Little is known about Yermak's early biography, and many of the details of his Siberian campaign are still disputed. Most sources indicate that he was a Volga Cossack who fled north in 1581 in order to escape punishment for piracy; Ruslan Skrynnikov, however, argues that Yermak was fighting in the Livonian War in 1581 and went to Siberia in 1582. Yermak and his Cossack band were hired by the Stroganovs, a family of wealthy Urals merchants, to protect their possessions against attacks by the Tatars and other indigenous peoples of Siberia. Thereafter Yermak and his band of a few hundred men set off along the Siberian rivers in lightweight boats; it is not clear whether the Stroganovs sent them to attack the Siberian khanate, or whether the decision to go on to the offensive was taken by the Cossacks. In October 1582 they defeated the Siberian khan, Kuchum, and occupied his capital, Kashlyk (Isker). The local peoples recognized Yermak's authority and rendered him tribute. In 1585, however, Khan Kuchum launched a surprise attack on the Cossack camp and killed most of the band. Yermak himself, according to legend, drowned in the River Irtysh, weighed down by a suit of armour that he had received as a gift from the tsar. Subsequent expeditions continued the Russian annexation of Siberia that Yermak had pioneered. After his death Yermak became a folk hero; his achievements were celebrated in oral tales and songs, and later depicted in popular prints (lubki ).
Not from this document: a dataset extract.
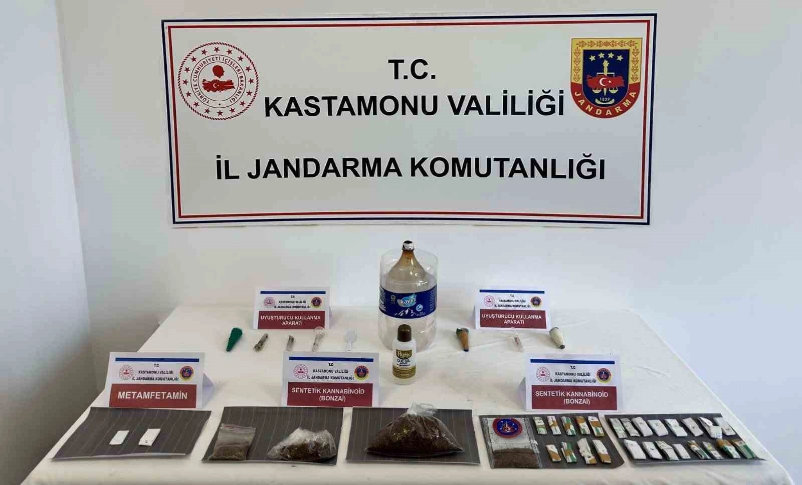 Edinilen bilgiye göre, Kastamonu İl Jandarma Komutanlığı ekiplerinin uyuşturucu madde imal ve ticaretinin önlenmesine yönelik çalışmalarıçerçevesinde Tosya ilçesinde 6 şahsın üst ve ikametlerinde arama yapıldı. Yapılan aramada, satışa hazır 28 paket halinde 247 gram kannabinoid, metamfetamin, kubar esrar, sentetik ecza hapı ve extacy ele geçirildi.

See also: ivan iv; siberia
bibliography
Armstrong, Terence, ed. (1975). Yermak's Campaign in Siberia: A Selection of Documents, tr. Tatiana Minorsky and David Wileman. London: Hakluyt Society.
Perrie, Maureen. (1997). "Outlawry (Vorovstvo ) and Redemption through Service: Ermak and the Volga Cossacks." In Culture and Identity in Muscovy, 1359–1584, ed. A. M. Kleimola and G. D. Lenhoff. Moscow: ITZ-Garant.
Skrynnikov, R. G. (1986). "Ermak's Siberian Expedition." Russian History / Histoire Russe 13:1–39.